_WHAT IS REQUIRED_. Exactly as written, retype the listing below, omitting the pictures.

_DATA_.
========================================

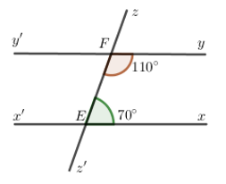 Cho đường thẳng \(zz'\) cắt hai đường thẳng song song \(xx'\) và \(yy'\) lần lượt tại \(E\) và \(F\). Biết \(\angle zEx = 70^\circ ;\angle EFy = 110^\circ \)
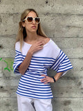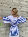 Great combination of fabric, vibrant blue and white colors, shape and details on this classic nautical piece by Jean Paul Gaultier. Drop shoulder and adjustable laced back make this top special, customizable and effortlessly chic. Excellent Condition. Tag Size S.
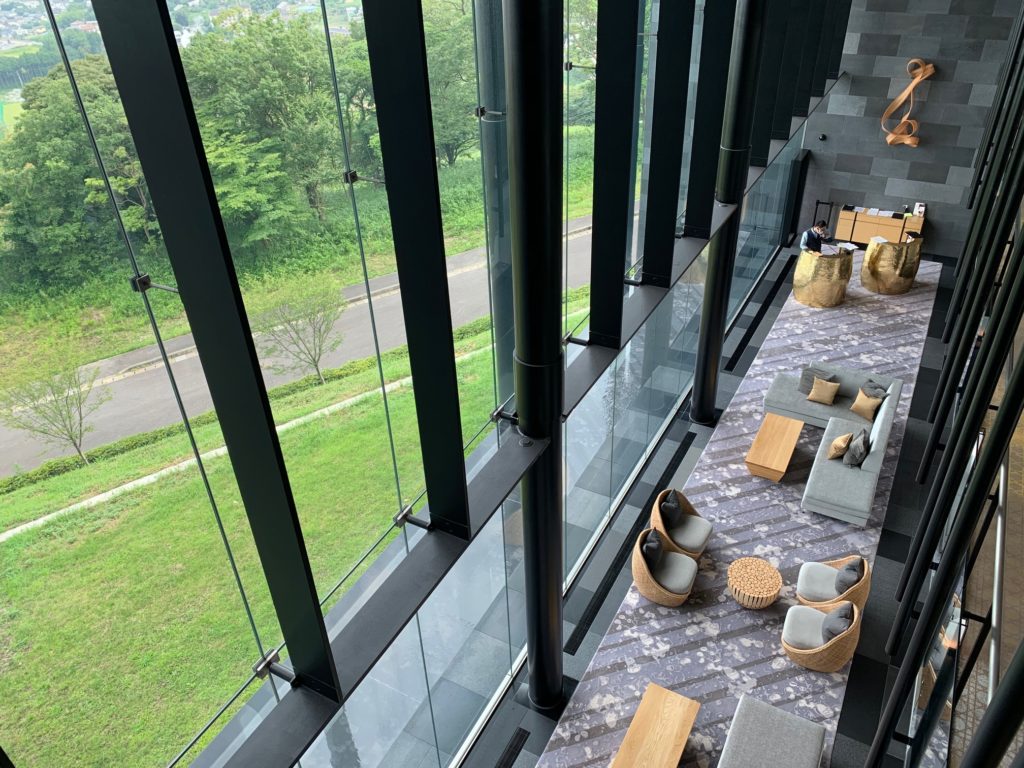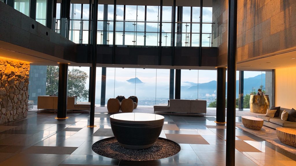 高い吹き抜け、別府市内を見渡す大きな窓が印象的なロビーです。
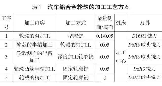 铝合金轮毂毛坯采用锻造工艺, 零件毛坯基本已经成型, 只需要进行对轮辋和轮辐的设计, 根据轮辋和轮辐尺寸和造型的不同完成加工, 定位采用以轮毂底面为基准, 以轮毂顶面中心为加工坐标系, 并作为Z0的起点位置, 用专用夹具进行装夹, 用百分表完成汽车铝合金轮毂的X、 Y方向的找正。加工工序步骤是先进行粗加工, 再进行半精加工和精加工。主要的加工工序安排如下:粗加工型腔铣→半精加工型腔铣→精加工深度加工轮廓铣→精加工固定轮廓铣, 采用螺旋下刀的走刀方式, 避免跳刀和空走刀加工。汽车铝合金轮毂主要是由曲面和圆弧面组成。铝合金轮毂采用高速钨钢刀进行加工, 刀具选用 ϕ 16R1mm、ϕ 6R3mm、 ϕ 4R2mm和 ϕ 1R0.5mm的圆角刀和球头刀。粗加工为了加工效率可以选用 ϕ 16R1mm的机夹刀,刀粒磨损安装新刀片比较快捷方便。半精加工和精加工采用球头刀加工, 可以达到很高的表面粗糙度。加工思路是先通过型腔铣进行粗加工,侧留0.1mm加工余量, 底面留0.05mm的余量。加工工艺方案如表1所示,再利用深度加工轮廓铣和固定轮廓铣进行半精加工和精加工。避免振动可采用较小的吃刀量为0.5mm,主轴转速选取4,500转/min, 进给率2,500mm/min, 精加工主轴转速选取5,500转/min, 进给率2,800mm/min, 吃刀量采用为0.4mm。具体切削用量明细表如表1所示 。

========================================

_WRITTEN ANSWER_.
 Cho đường thẳng \(zz'\) cắt hai đường thẳng song song \(xx'\) và \(yy'\) lần lượt tại \(E\) và \(F\). Biết \(\angle zEx = 70^\circ ;\angle EFy = 110^\circ \)
 Great combination of fabric, vibrant blue and white colors, shape and details on this classic nautical piece by Jean Paul Gaultier. Drop shoulder and adjustable laced back make this top special, customizable and effortlessly chic. Excellent Condition. Tag Size S.
 高い吹き抜け、別府市内を見渡す大きな窓が印象的なロビーです。
 铝合金轮毂毛坯采用锻造工艺, 零件毛坯基本已经成型, 只需要进行对轮辋和轮辐的设计, 根据轮辋和轮辐尺寸和造型的不同完成加工, 定位采用以轮毂底面为基准, 以轮毂顶面中心为加工坐标系, 并作为Z0的起点位置, 用专用夹具进行装夹, 用百分表完成汽车铝合金轮毂的X、 Y方向的找正。加工工序步骤是先进行粗加工, 再进行半精加工和精加工。主要的加工工序安排如下:粗加工型腔铣→半精加工型腔铣→精加工深度加工轮廓铣→精加工固定轮廓铣, 采用螺旋下刀的走刀方式, 避免跳刀和空走刀加工。汽车铝合金轮毂主要是由曲面和圆弧面组成。铝合金轮毂采用高速钨钢刀进行加工, 刀具选用 ϕ 16R1mm、ϕ 6R3mm、 ϕ 4R2mm和 ϕ 1R0.5mm的圆角刀和球头刀。粗加工为了加工效率可以选用 ϕ 16R1mm的机夹刀,刀粒磨损安装新刀片比较快捷方便。半精加工和精加工采用球头刀加工, 可以达到很高的表面粗糙度。加工思路是先通过型腔铣进行粗加工,侧留0.1mm加工余量, 底面留0.05mm的余量。加工工艺方案如表1所示,再利用深度加工轮廓铣和固定轮廓铣进行半精加工和精加工。避免振动可采用较小的吃刀量为0.5mm,主轴转速选取4,500转/min, 进给率2,500mm/min, 精加工主轴转速选取5,500转/min, 进给率2,800mm/min, 吃刀量采用为0.4mm。具体切削用量明细表如表1所示 。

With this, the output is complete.